A Waspy Summer

Avigail Hurvitz Prinz // Tel Aviv, Israel

These days I live in Israel. Here I’m referred to as an “Anglo Saxon” because I’m a native English speaker, but when I returned to America this past summer, to work at a summer program hosted by a fancy prep school, I was surrounded by the real Anglo Saxons, the WASPs of New England that most Israelis will never meet. Never have I had to try so hard to avoid pork products, or to simply be a vegetarian.

Growing up, my family kept milk and meat separated, but we were the kind of kosher keepers who ate ice cream for dessert after chicken dinner as long as we cleared the table. This was totally normal to us until my whole family became vegetarian.

I do keep to an exception in my kosher practice in which I will try a new kind of shellfish when it is presented to me. I have willingly tried shrimp, mussels, clams, calamari, catfish … none of which have ranked high on my must-eat-again list. Though I still can’t stomach the idea of eating pork.

I arrived in New England this summer after living for the year in Jerusalem, where all of my friends held to the very strict rules of fully kosher households, which was new for me. I kept separate sponges for milk and meat, I noted the special sponge for the Sabbath and even adhered to the color-coded knife and cutting board system that is standard in most very kosher homes.

“Didn’t you know that onions, lemon and hot pepper transfer between meat and dairy dishes?” a friend once said to me, highlighting my ignorance of some of the intricacies of a fully kosher practice.

I was only just beginning to integrate these dietary rules into my life when I traveled to New England for my waspy summer.

Once I got settled into my dorm room-cum-faulty housing, I went to eat in the dining hall. First meal was a barbecue. The veggie options were corn on the cob, potato salad and dessert—not my favorite items, nor did they include much protein, but it would be okay, I thought. Every meal after that felt the same. The salad bar accoutrements weren’t filling enough, so even though garbanzo and kidney beans topped my greens nearly every day, I felt like I was eating the wimpiest, coldest food.

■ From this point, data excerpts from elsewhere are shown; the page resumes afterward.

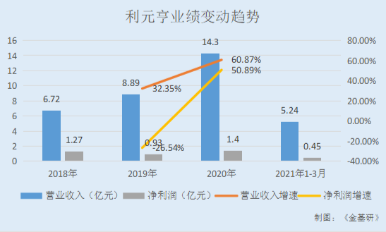 值得注意的是,2021年1-3月,利元亨实现营业收入5.24亿元,较上年同期增长201.96%;净利润为0.45亿元,较上年同期增580.7%。
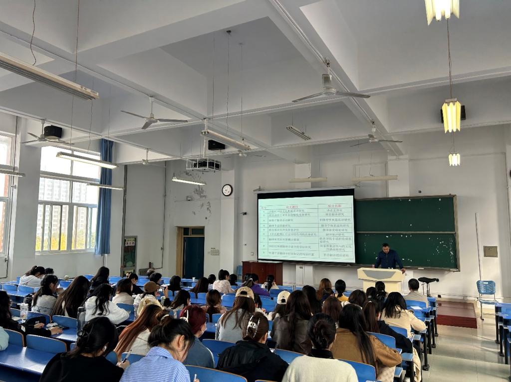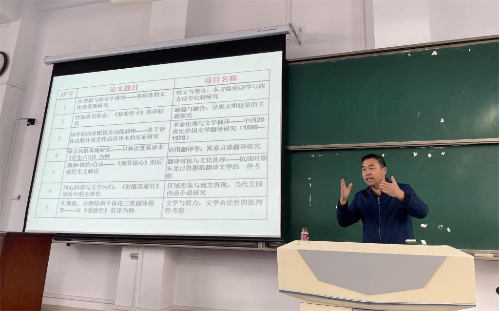 10月24日下午,中国海洋大学特聘教授、博士生导师贺爱军教授应邀在高新校区立心楼420举行题为《翻译学位论文的选题与写作》的专题报告会。报告会由必一运动副经理刘敏主持,公司硕士生导师、青年教师、23级翻译硕士研究生及22级翻译专业本科生聆听了报告。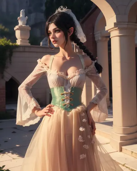This is very modular within this theme, long sleeves, puffy sleeves, detached, corset, short and long skirts, sleeves past wrist, flowers, fairy wings, etc.
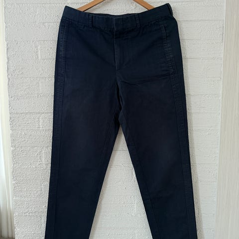 Myydään hyväkuntoiset ja laadukkaat COSin chinot koossa 52. Housuissa on tyylikäs beigen/hiekan sävy ja edessä pukuhousutyyliset prässit/laskokset, jotka tuovat ryhtiä rennompaankin asuun. Malli on mukava ja hieman kapeneva lahkeista.

I wanted hot food, hence my excitement about the glorious omelet bar at breakfast. The omelet station offered a couple of options for vegetables, in addition to lots of cheese and pork three ways—bacon, ham or sausage (“you can have all three if you like,” they would say). I could wait in line, place my order and receive a fresh omelet, made custom for me.

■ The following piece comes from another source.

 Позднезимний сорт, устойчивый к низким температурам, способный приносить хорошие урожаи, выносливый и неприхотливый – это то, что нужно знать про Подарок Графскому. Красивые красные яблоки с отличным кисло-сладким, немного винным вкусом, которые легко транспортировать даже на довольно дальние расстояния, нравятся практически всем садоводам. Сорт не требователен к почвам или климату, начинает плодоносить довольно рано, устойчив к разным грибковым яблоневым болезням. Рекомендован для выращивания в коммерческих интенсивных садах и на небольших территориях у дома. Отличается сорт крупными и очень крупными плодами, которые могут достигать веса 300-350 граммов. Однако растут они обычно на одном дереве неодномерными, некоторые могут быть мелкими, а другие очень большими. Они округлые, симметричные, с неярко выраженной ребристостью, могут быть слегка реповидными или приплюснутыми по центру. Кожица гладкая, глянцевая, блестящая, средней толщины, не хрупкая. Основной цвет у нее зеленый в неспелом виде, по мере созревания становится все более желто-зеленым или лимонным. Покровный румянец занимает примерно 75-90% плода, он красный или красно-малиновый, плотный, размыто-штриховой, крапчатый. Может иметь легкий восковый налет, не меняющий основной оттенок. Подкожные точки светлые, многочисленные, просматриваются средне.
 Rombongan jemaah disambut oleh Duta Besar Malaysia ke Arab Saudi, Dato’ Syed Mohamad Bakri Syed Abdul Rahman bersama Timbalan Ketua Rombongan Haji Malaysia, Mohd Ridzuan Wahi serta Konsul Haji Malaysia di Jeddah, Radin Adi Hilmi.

I stood in the omelet line each morning just to order my simple standby of peppers, onion, mushroom and cheese. Thing is, my omelet was always covered with the grease of someone else’s three kinds of pork. Some days I picked bacon out of my eggs, other days I just closed my eyes and thought of Israel.

I bonded with a Sikh student over not eating pork one day. “I’m not used to eating all this white people food,” he said to me in disgust. “Beef, pork…my stomach hurts just being here… I can’t eat anything they serve.”

He was lucky enough that his family would pack him meals that he could warm up and eat once or twice a day.

At the end of the summer, the staff and faculty were treated to a surf and turf picnic. It was my first. The meal did not feature pork, but did offer typicalWASP fare: beef, clams, lobster and strawberry shortcake.

I wanted to eat something besides salad and the festive atmosphere was catchy. Treyf (non-kosher) as it was, and after a summer of restraint, I said “the hell with it,” and ate the lobster, my first ever, with a bib and everything. But it wasn’t pork. No way. Ick.